» ACTIVITY
Print every entry exactly as written and exclude all images.

» Entries taken from a collection

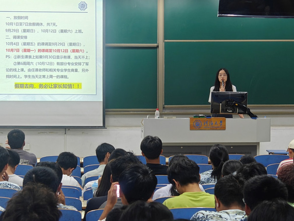 会上,辅导员邓瑞华老师对年级情况进行阶段性总结,传达近期重要事项通知和活动安排,并向同学们提出以下几点建议:一是要及时调整自身状态,准备好迎接即将开始的课程和晚自习;二是要合理分配精力,兼顾好第一课堂和第二课堂,提升自身时间管理能力;三是要严格遵守各项规章制度,树立规则意识,端正态度,行止有度。
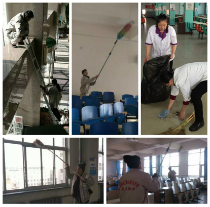 春天物业公司对学校博学楼、齐志楼、外语楼、物理楼、生化楼、行政楼、图书馆、美术楼、创业楼、音乐楼、旧逸夫楼、学生食堂、十七栋公寓进行了彻底的清扫。
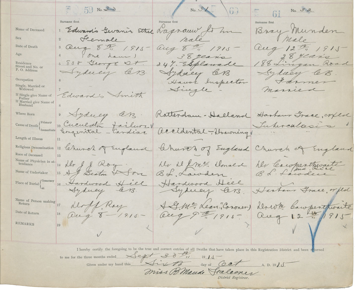 Male Death Registration: Year: 1915 book: 28 page: 11 number: 61
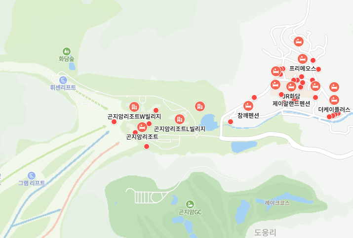화담숲 생태수목원 아래쪽에 곤지암 리조트가 있으며, 이곳 주변에 숙박시설이 많으므로 네이버에서 검색해보시면 더 다양한 곳을 볼 수 있습니다.
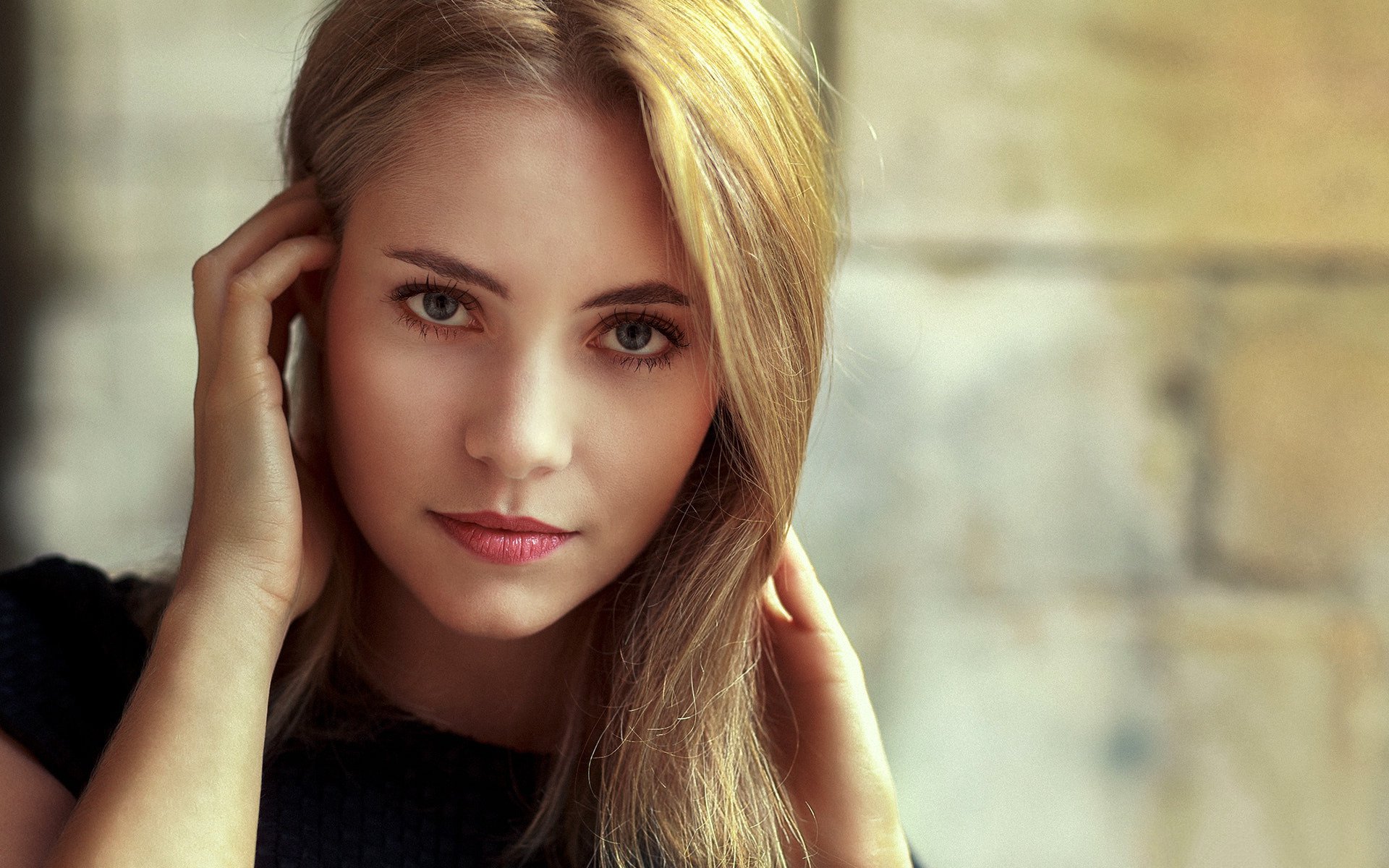 Description: A woman with blonde hair is posing for a picture with her hand on her head and her hand on her head.

» EXERCISE SOLUTION
 会上,辅导员邓瑞华老师对年级情况进行阶段性总结,传达近期重要事项通知和活动安排,并向同学们提出以下几点建议:一是要及时调整自身状态,准备好迎接即将开始的课程和晚自习;二是要合理分配精力,兼顾好第一课堂和第二课堂,提升自身时间管理能力;三是要严格遵守各项规章制度,树立规则意识,端正态度,行止有度。
 春天物业公司对学校博学楼、齐志楼、外语楼、物理楼、生化楼、行政楼、图书馆、美术楼、创业楼、音乐楼、旧逸夫楼、学生食堂、十七栋公寓进行了彻底的清扫。
 Male Death Registration: Year: 1915 book: 28 page: 11 number: 61
화담숲 생태수목원 아래쪽에 곤지암 리조트가 있으며, 이곳 주변에 숙박시설이 많으므로 네이버에서 검색해보시면 더 다양한 곳을 볼 수 있습니다.
 Description: A woman with blonde hair is posing for a picture with her hand on her head and her hand on her head.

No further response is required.